В двух сотнях километров к западу от Фалая — там, где равнина дельты Красной реки встречается со скалистыми горами Северо-Западного края, полным ходом идут строительные работы на еще одном энергетическом объекте вьетнамо-советской дружбы. Это гидроузел Хоабинь на самом полноводном притоке Красной реки — реке Черной. Его масштабы можно сравнивать с гидростанциями Волжского каскада, и, если не считать крупных ГЭС на великих сибирских реках, Хоабинь будет самым большим гидроузлом в Азии.

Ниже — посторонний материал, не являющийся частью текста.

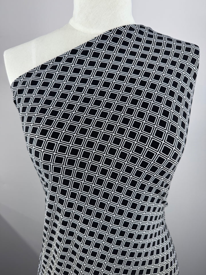 Printed Lycra - Graphite Grid - 150cm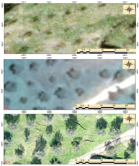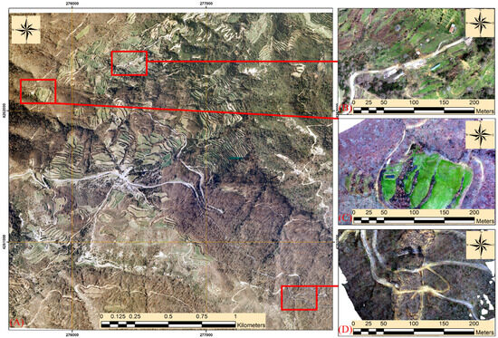 Figure 5 and Figure 6 demonstrate the effectiveness of UAV imagery in the assessment of the damage in the case of multi-occurrence landslides. In Figure 5, the basemap of the Greek Cadastral is displayed in comparison to the Pleiades imagery and to the UAV orthophoto. The basemap (Figure 5A), with a spatial resolution of 50 cm, depicts the area of Kerassovo before the landslide. The black line indicates the main road, while the yellow lines define the extent of the landslide event on 11 December 2021. In the Pleiades imagery (Figure 5B), acquired five months after the event, the landslide body is easily detected. The black line indicates the destroyed main road of the village. The specific image also has a spatial resolution of 50 cm, which permits the accurate mapping of the landslide extent. However, only the ultra-high spatial resolution οf the UAV imagery (Figure 5C) allows for the mapping of all the small cracks inside the landslide body. As can be observed in Figure 5C, there are hundreds of breaks on the ground from where the water penetrates deeper, which may cause reactivation of the landslide.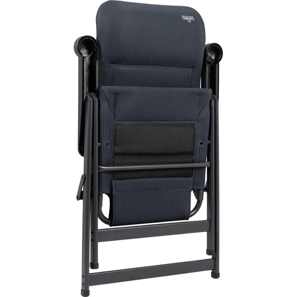 A luxurious reclining chair. This chair offers maximum comfort with its 7-position adjustable backrest and padded 3D fabric. The comfortable padding of this fabric is extra breathable and, due to its open-cell structure, does not retain moisture. As a result, the chair dries much faster than chairs with traditional foam filling. Additionally, both the backrest, seat, and armrests are ergonomically shaped. The chair features an anodised H-frame for extra stability and strength. When folded, this chair is compact and, therefore, easy to carry.

Мощность электростанции, машинные залы которой разместятся в чреве горы, достигнет почти 2 миллионов киловатт. Она будет давать ежегодно 8,5 миллиарда киловатт-часов электроэнергии. О том, что это значит для Вьетнама, говорит одна лишь цифра: за 1981 год во всей стране было выработано около 4 миллиардов киловатт-часов.

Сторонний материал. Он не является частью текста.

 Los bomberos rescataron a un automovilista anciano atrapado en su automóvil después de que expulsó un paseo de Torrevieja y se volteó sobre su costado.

Со стальной эстакады, которая подобно ласточкину гнезду прилепилась к склону горы на правом берегу, заместитель начальника Главного управления строительства Чан Мань показывает нам панораму стройки.

— Вот там, — протягивает он руку в направлении, где лента реки описывает дугу, зажатая меж двух высоких гор, — поднимется высокая плотина, которая образует водохранилище длиной в 200 километров и объемом в 9,5 миллиарда кубометров воды. Назначение гидроузла не ограничивается производством электроэнергии. Одна из проблем, которую он решит, — спасение от наводнений всей дельты Красной реки.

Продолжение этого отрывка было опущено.